Macdonald worked to make the movie as realistic as possible. “We shot most of this film in South Africa, in Cape Town, and I went to Robben Island where Mandela was held with the production designer and we said, ‘Wow.’ The Americans learned to squeeze the last bit of humanity out of the prison when they built it, because in Robben Island they had windows, they had slightly bigger cells, and a garden. I mean, it’s an awful place but there is some bit of humanity in it, where in Guantanamo it’s a machine for torturing people, it’s a machine for making people feel dissociated. They’re in metal boxes with no light, they’re not allowed to associate with other people.

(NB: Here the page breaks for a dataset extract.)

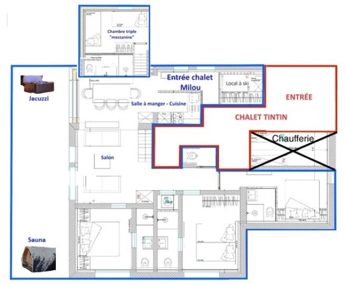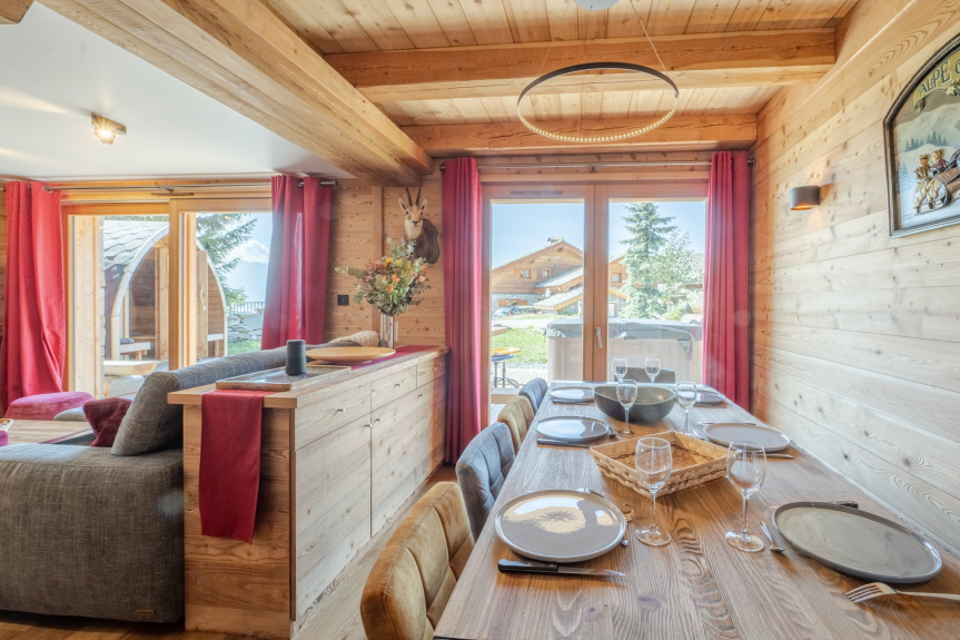 È composto da un soggiorno con cucina completamente attrezzata (forno, piano cottura a gas a 4 fuochi, frigorifero, lavastoviglie, forno a microonde, tostapane, macchina del caffè e bollitore elettrici, macchina L'Or Nespresso, cantina e macchina per raclette) che si apre sulla sala da pranzo, 4 camere da letto (2 camere con 1 letto matrimoniale ciascuna, 1 camera con 2 letti singoli e 1 camera con 3 letti singoli, due dei quali a castello), ognuna con bagno privato con doccia (doccia, mobiletto e WC), deposito sci/bici, sauna e vasca idromassaggio sulla terrazza in stile scandinavo.

It made me think that Mohamedou is a kind of Nelson Mandela, he’s got that same quality of someone who’s been through these horrible things, but he comes out with a wisdom.... He’s one of the most remarkable people that I’ve ever met.”
Macdonald would be happy if The Mauritanian inspires some viewers to read the original book. He recommends buying the new edition, in which nothing is redacted and which features an introduction by Slahi that puts his story in context. 
“The book was written as these letters to his lawyers and a legal document and he never got to edit it, he never got to revise it. It’s kind of a bit raw and rough and repetitive, but when you read the introduction, you realize Mohamedou is a real writer, he’s a poet, he’s got a writer’s spirit to him.”
Macdonald is reportedly working on a documentary about Oprah Winfrey, but when asked about whether it will be his next project, he only said, “Maybe.” Macdonald mentioned that Slahi has just published a novel, saying, “It’s about a Bedouin’s relationship with his camel.” Asked whether he might direct a screen version of that, he laughed and said, “That might be even harder to finance than this movie.”